Spät kommt sie, aber sie kommt: die Rezension zu Kunst unterrichten von Kirchner und Kirschenmann. Die beiden Autoren haben mit ihrer mittlerweile ein Jahr alten Publikation eine Lücke geschlossen und eine aktuelle Fachdidaktik geliefert, die die wesentlichen Grundlagen zeitgemäßen Kunstunterrichts zusammenfasst. Das Inhaltsverzeichnis (als pdf beim Friedrich-Verlag einsehbar) deutet den umfassenden Anspruch schon an.KU-klett Fixpunkte, um die immer wieder gekreist wird, sind zum einen die Forderung nach Kompetenzorientierung und Zielgerichtetheit in der Unterrichtsplanung sowie eine konsequente Schülerorientiertheit — der Untertitel deutet es bereits an. Kirchner und Kirschenmanns Ausführungen sind ein Plädoyer für das Anknüpfen von Unterrichtsthemen und -inhalten an die Lebens- und Erfahrungswelt der Jugendlichen: Warum sollte Farbgestaltung nicht auch anhand von Kleidung, Zimmergestaltung oder Design statt Malerei thematisiert werden können? Sind Collage und Fotografie nicht schülerfreundlicher als das Zeichnen?

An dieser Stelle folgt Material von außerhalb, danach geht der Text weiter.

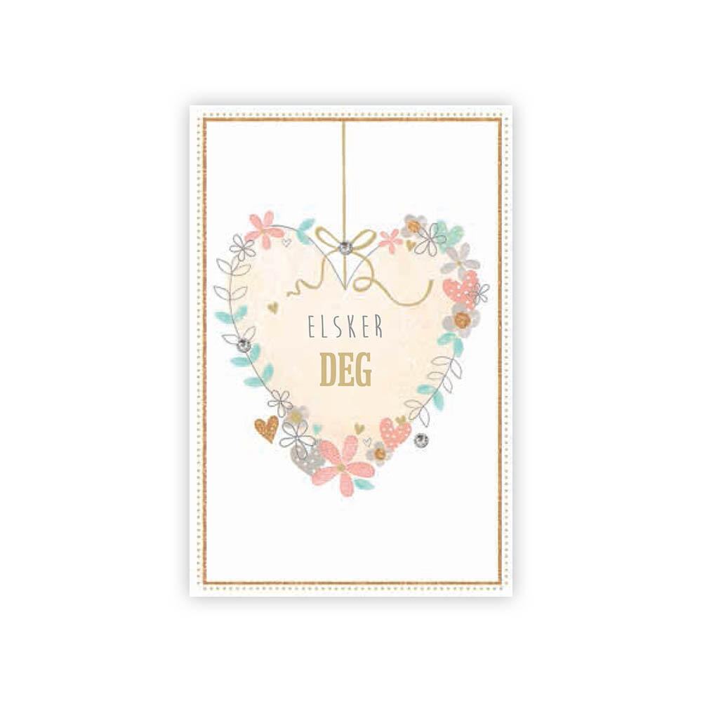 Dobbelt gratulasjonskort med konvolutt. Perfekt til gaver eller blomsterbuketter. Tekst: Elsker deg.

So widmen sich die ersten drei Kapitel den Fragen nach jugendkulturellen Phänomenen, ästhetischem Vermögen und visuell-ästhetischen Interessen der Jugendlichen sowie daraus abgeleiteten alterstypischen bildnerischen Problemstellungen. Kapitel 4, „Fachdidaktische Fundierung“, beinhaltet auch einen kurzen historischen Abriss zu Tendenzen in der Kunstpädagogik. Es folgt ein Abschnitt zum Thema „Bilder als Medium“. Für eine Vertiefung zu Aspekten der Rezeption und deren Förderung im Unterricht ist jedoch ein anderes Fachbuch unbedingt zu empfehlen: Markus Schoppe, Bildzugänge (2011). Hier findet man auf sehr übersichtliche und anregende Weise ganz konkrete Methoden und Ideen für den Unterricht sowie eine ausführliche, sehr zeitgemäße theoretische Fundierung. Kunst unterrichten hingegen verschafft einen Überblick über die vielen verschiedenen Aspekte des Kunstunterrichts und kann dabei auf den ca. 250 Seiten nicht immer ins Detail gehen. Auch Debatten um Inhalte, Methoden, Strategien und Ziele des Kunstunterrichts würden den Rahmen wohl sprengen und spielen daher in diesem Fachbuch keine Rolle.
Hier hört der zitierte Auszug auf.